*Information*:
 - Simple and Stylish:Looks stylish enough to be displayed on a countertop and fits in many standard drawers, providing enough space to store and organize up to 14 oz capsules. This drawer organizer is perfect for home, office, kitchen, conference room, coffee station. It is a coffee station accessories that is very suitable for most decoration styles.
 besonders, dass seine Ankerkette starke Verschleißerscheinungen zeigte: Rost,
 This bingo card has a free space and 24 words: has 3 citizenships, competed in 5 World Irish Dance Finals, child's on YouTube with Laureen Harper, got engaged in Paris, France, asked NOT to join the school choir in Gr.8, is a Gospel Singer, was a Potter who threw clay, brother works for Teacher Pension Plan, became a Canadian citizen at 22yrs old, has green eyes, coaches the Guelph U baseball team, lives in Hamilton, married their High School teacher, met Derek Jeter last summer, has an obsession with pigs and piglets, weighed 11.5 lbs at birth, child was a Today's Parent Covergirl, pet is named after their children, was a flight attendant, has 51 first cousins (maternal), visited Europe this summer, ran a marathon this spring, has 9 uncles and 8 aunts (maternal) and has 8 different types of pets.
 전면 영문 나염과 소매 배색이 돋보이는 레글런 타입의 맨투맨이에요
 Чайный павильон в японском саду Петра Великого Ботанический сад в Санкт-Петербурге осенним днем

--

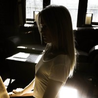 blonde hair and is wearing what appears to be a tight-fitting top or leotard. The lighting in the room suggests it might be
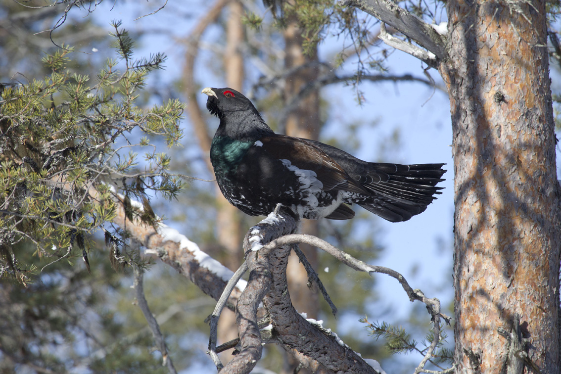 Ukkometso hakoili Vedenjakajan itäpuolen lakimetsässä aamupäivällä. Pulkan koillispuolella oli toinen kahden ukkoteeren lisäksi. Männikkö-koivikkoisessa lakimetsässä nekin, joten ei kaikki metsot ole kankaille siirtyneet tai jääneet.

*What you need to do*: Using the data above, print exactly the lines from the line that contains "- Simple and" through the line that contains "Чайный павильон в", with both included.

*Final answer*:
 - Simple and Stylish:Looks stylish enough to be displayed on a countertop and fits in many standard drawers, providing enough space to store and organize up to 14 oz capsules. This drawer organizer is perfect for home, office, kitchen, conference room, coffee station. It is a coffee station accessories that is very suitable for most decoration styles.
 besonders, dass seine Ankerkette starke Verschleißerscheinungen zeigte: Rost,
 This bingo card has a free space and 24 words: has 3 citizenships, competed in 5 World Irish Dance Finals, child's on YouTube with Laureen Harper, got engaged in Paris, France, asked NOT to join the school choir in Gr.8, is a Gospel Singer, was a Potter who threw clay, brother works for Teacher Pension Plan, became a Canadian citizen at 22yrs old, has green eyes, coaches the Guelph U baseball team, lives in Hamilton, married their High School teacher, met Derek Jeter last summer, has an obsession with pigs and piglets, weighed 11.5 lbs at birth, child was a Today's Parent Covergirl, pet is named after their children, was a flight attendant, has 51 first cousins (maternal), visited Europe this summer, ran a marathon this spring, has 9 uncles and 8 aunts (maternal) and has 8 different types of pets.
 전면 영문 나염과 소매 배색이 돋보이는 레글런 타입의 맨투맨이에요
 Чайный павильон в японском саду Петра Великого Ботанический сад в Санкт-Петербурге осенним днем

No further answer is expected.